Last night, at the dance, there was a boy named Alex. For the first time since before Jeremy died, even though it's only been about two months, he smiled at me like he had no cares in the world- like he wasn't afraid of me, and like I shouldn't be afraid of him. He didn't have any sort of judgement in his eyes, and for the first time in a long time I didn't feel like I wasn't pretty enough to really hold his attention.
I know that my heart has made promises to itself- they've grown stronger now that Jeremy's gone. But my mind is racing, because as always the music I'm listening to has gotten it wondering, hoping, praying that maybe he's the one I'm waiting for.
Am I still waiting? I want someone in my life just as badly as the next person- but I really don't want to jump into believing anything anymore.
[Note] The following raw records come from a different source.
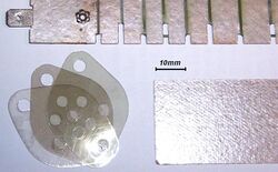 Muscovite and phlogopite splittings can be fabricated into various built-up mica products, also known as micanite. Produced by mechanized or hand setting of overlapping splittings and alternate layers of binders and splittings, built-up mica is used primarily as an electrical insulation material. Mica insulation is used in high-temperature and fire-resistant power cables in aluminium plants, blast furnaces, critical wiring circuits (for example, defense systems, fire and security alarm systems, and surveillance systems), heaters and boilers, lumber kilns, metal smelters, and tanks and furnace wiring. Specific high-temperature mica-insulated wire and cable is rated to work for up to 15 minutes in molten aluminium, glass, and steel. Major products are bonding materials; flexible, heater, molding, and segment plates; mica paper; and tape.[21] Flexible plate is used in electric motor and generator armatures, field coil insulation, and magnet and commutator core insulation. Mica consumption in flexible plate was about 21 tonnes in 2008 in the US. Heater plate is used where high-temperature insulation is required. Molding plate is sheet mica from which V-rings are cut and stamped for use in insulating the copper segments from the steel shaft ends of a commutator. Molding plate is also fabricated into tubes and rings for insulation in armatures, motor starters, and transformers. Segment plate acts as insulation between the copper commutator segments of direct-current universal motors and generators. Phlogopite built-up mica is preferred because it wears at the same rate as the copper segments. Although muscovite has a greater resistance to wear, it causes uneven ridges that may interfere with the operation of a motor or generator. Consumption of segment plate was about 149 t in 2008 in the US. Some types of built-up mica have the bonded splittings reinforced with cloth, glass, linen, muslin, plastic, silk, or special paper. These products are very flexible and are produced in wide, continuous sheets that are either shipped, rolled, or cut into ribbons or tapes, or trimmed to specified dimensions. Built-up mica products may also be corrugated or reinforced by multiple layering. In 2008, about 351 t of built-up mica was consumed in the US, mostly for molding plates (19%) and segment plates (42%).[21]
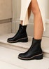 Linzi Trish Black Faux Leather Wedged Heel Ankle Boot
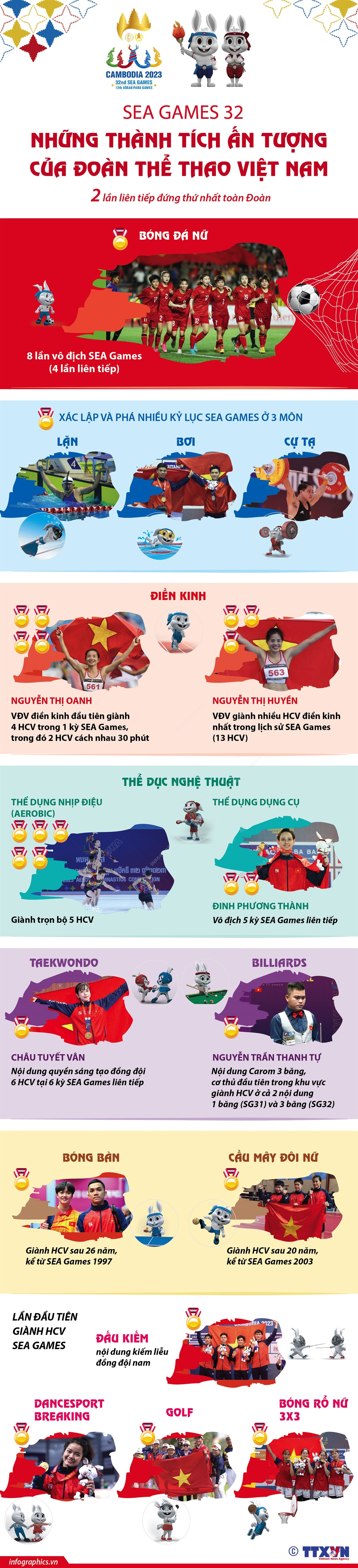 SEA Games 32 diễn ra từ ngày 26/4 đến ngày 18/5 gồm 36 môn thể thao với tổng số 581 nội dung. Sau 20 ngày thi đấu, Đoàn Thể thao Việt Nam đã hoàn thành xuất sắc nhiệm vụ được giao, giành được tổng cộng 359 huy chương các loại, trong đó 136 huy chương vàng, 105 huy chương bạc, 118 huy chương đồng, phá 12 kỷ lục và thiết lập 4 kỷ lục SEA Games. Đặc biệt đây là lần đầu tiên Thể thao Việt Nam dẫn đầu toàn đoàn tại một kỳ Đại hội thể thao lớn nhất khu vực khi thi đấu ở nước ngoài.
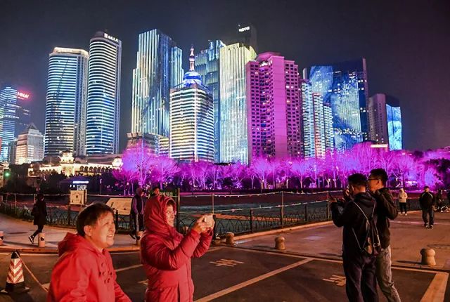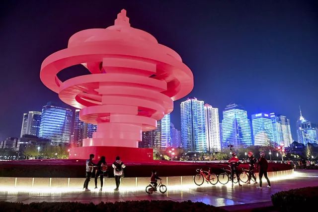 原標題:青島沿海夜景有變化 夢幻海洋藍美出天際(圖)
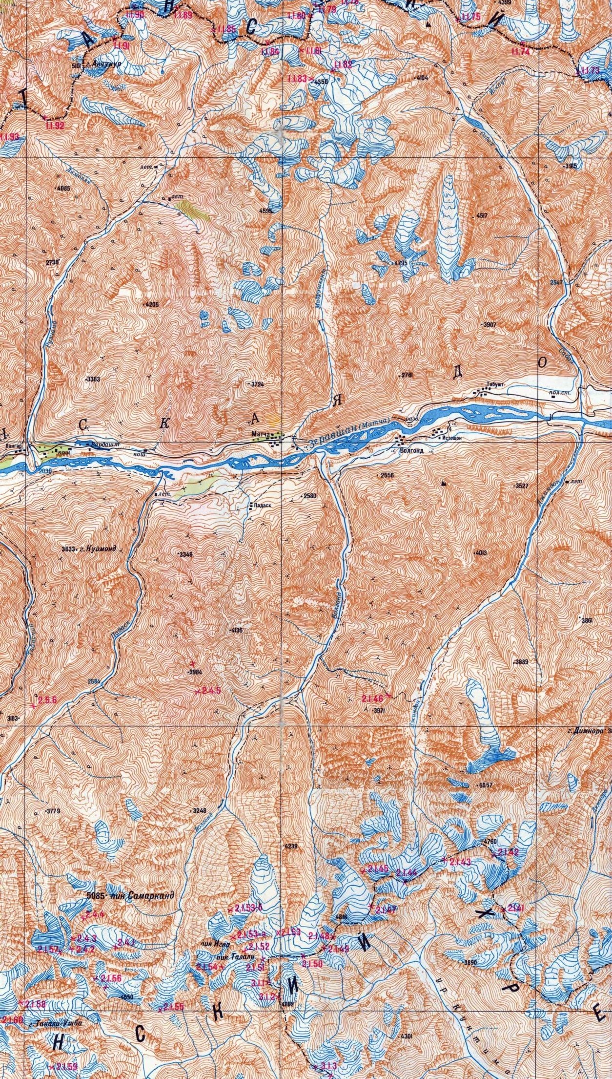 Пер. Голируд З.(1Б, 4100) - пер. Голируд Ц. (1А, 4040)– р. Тавастин Сев. 21 сентября (день 15-ый) С места ночевки выход в 9 ч 15 мин. Идем в восточном направлении, поднимаясь по некрутому скату небольшой узловой вершинки (10 мин., набор высоты 60 м). С вершинки на запад по гребню просматриваются все седловины: пер. 25лет т/к Гастелло, Дочерей, Шаповалова, на восток хорошо видны седловины перевалов Голируд Центр., Последний Привет, Такоб, Любимых. Несложный пологий спуск по разрушенному скально-осыпному гребню. Выходим на явно выраженную тропу, которая режет склон, и траверсом выводит на седловину пер. Голируд Ц. (фото № 35). Пер. Голируд Ц. (1А, 4040 м, лед.-ос.) (по QPS - h=4013м N= 39град15.566 Eо 69град28.648). Расположен в Зеравшанском хребте в 3-3.5 км западнее небольшой узловой вершины, от которой на север отходит отрог, водораздел левых притоков Зеравшана - Тавастина С. и Падаска.Соединяет долину р. Тавастин Сев. (левого притока р. Зеравшан) с юга – с долиной р. Голируд (правого притока р. Ягноб). Перевал имеет и другие названия: Гаваст, Табаспин, местные жители название реки, долины произносят несколько иначе, чем принято в туристской литературе. Они говорят "табаспин", перевода не знают. Южный склон перевала осыпной, нижняя его часть травянистая с выходами скал, а еще ниже - бараньи лбы, обрывающиеся в долину р. Голируд. Седловина перевала хорошо заметна с севера, с юга же ее определение затруднено, т.к. гребень доступен на большом протяжении. Ориентирование склонов С-Ю. Гребень протяженный, скально-каменистый, с выходами разрушенной породы. С перевала хороший обзор на север и юг, частично на запад и восток. Подъемы на перевалы Голируд З. и Голируд Ц. со стороны Ягноба совпадают, и лишь перед самым выходом на гребень Зеравшанского хребта, тропа траверсирует с небольшим спуском в направлении седловины перевала Голируд Ц. Местные издавно через этот перевал перегоняют скот. Тур на перевале Голируд Ц. находится посередине гребня. Записки в туре не было. На перевале есть удобные для установки палаток площадки, но площадки лучше ближе к западной части. С северной стороны почти вплотную подходит ледник, густо усыпанный овечьим пометом. Поэтому снег для воды следует брать как можно дальше от перевала. Спуск с перевала по плотному снегу вдоль левого (орографически) склона ледника, крутизна склона до 40град, ледник открытый, затем ледник становится пологим (уклон от 10 до 30град). Далее лучше идти ближе к склонам, так как в центре ледника много трещин. Ниже ледник закрыт моренными камнями. Идем по моренной гряде – отсюда хорошо видна вост. ветвь ледника Тавастин Ц. ведущая на пер. Последний Привет (фото № 36). Слева скала в конце отрога, разделяющая ледник Голируд Западный и западную ветвь ледника Тавастин Ц. Ближе к правому краю спускаемся и выходим на хорошую тропу. Склон, крутизной 35-400 с множеством бараньих троп выводит на правобережную террасу р. Тавастин Ц., где находится пастушья ночевка. По правому берегу реки видна хорошо утоптанная тропа. От слияния рек Тавастин Ц. и Тавастин Сев. спустились чуть ниже (20 х\мин) и встали на ночевку на правом берегу р. Тавастин Ц. в 17 ч 55 м, h=3288 м. Перевал Голируд Ц. проходится за 1 день без организации ночлега, при необходимости установка палаточных биваков возможна на большей части пути через перевал, в том числе и на перевальном гребне.

I don't believe you always have the choice of chosing how long someone gets to be in your life. And, I don't want to start anything- not even friendship- with someone who's just going to dissapear in a month or two, because they've gotten tired of me, or they've moved on to more exciting people. I don't want to have to face down the choice again of keeping someone in my life against their will- knowing that out of respect I should dissapear, but wanting so badly to do anything but dissapear. I don't want that unbelievable phonecall ever again... because even though it may be worth it to love and lose, rather than not love- that pain is so fresh in my memory still.
I'm crazy. Why am I even worrying about this? Why does one friendly smile turn my world upside down- is it really that unusual?
For so long, I've been longing for someone to look at me the way he did. To be so friendly, so that it doesn't matter that I'm not such an outgoing person. But I'm scared out of my wits- and I should be. I'm guarding my heart- because my tendancy to jump to conclusions proves itself obnoxious a bit too often... It could've just been a friendly look.
Still, he gave it to me. He gave me something to smile about.